At the beginning of 2021, while harnessing the power of reflection, we asked ourselves a question – Does rare disease education mean rare attendance?
In many rare diseases, the time between diagnosis and initiation of therapy has been shortened, but the time between symptom onset and diagnosis has not. Is there a solution and what are our thoughts?
Connecting “Rare” with “Common”
The presentation of rare disease often involves multiple organs and systems. The disease may be rare but the symptoms are not. To make educational content truly relevant, “high frequency” symptoms should be identified and communicated with the learners. In addition, efforts should be made to find connection between a rare disease and medical conditions frequently present to daily clinical practice. Awaking interest in learning of a disease rarely seen can be made possible when the new knowledge is built on something familiar.

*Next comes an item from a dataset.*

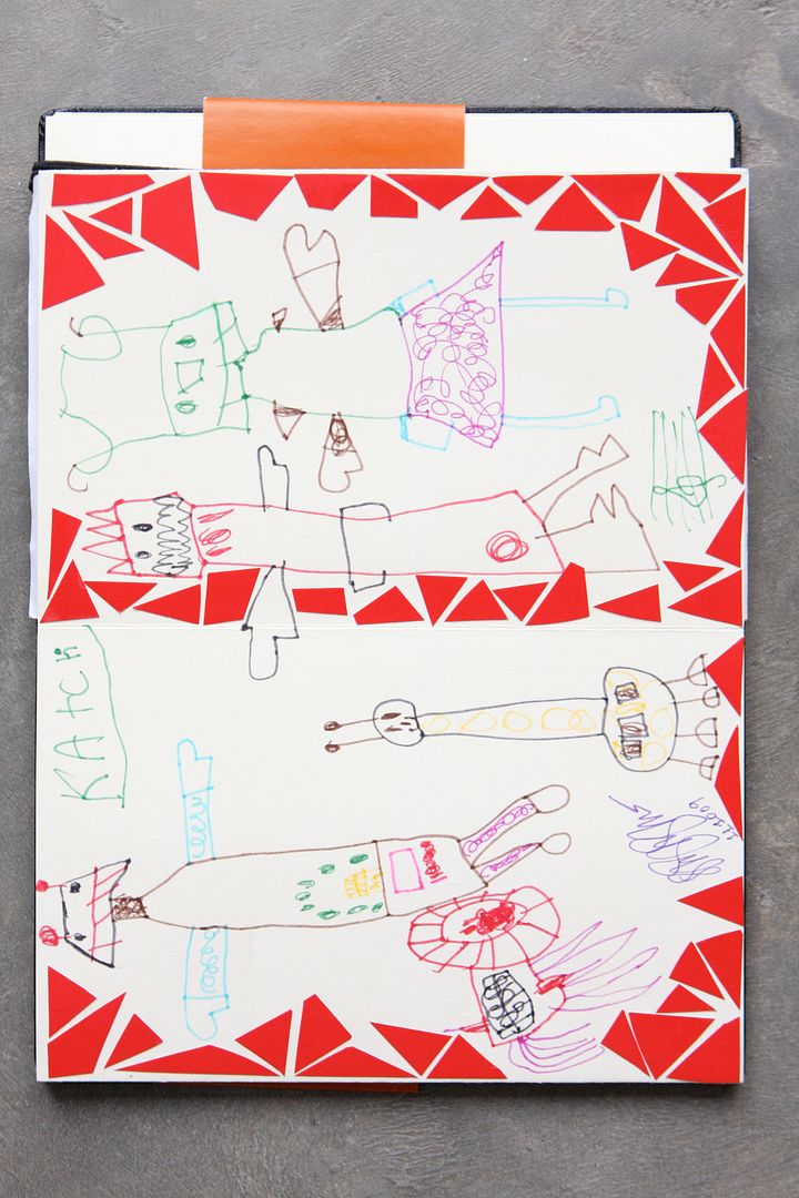 Thanks to good ol' JAY (Jay) for sending this wonderfully original collaboration--with a four-year-old! They knocked this little ditty out with colored pens and recycled stickers (great choice!!) JAY resides in the Philippines, and just mailed this out to michael in Virginia, USA--the book travels around the world!

No to “Dumping”, Yes to “Alarming”
In many rare diseases, early symptoms are non-specific. Patients are often diagnosed incorrectly with other conditions initially. These misdiagnoses are specific. Alarming misdiagnoses should be a focus of the educational content. Information dump should be avoided. This is particularly important in rare disease education. When the disease is rare, it does not mean that educational programs will have less attendance from the healthcare providers. It is up to the educators to adapt, to innovate, and to find ways to effectively deliver the message.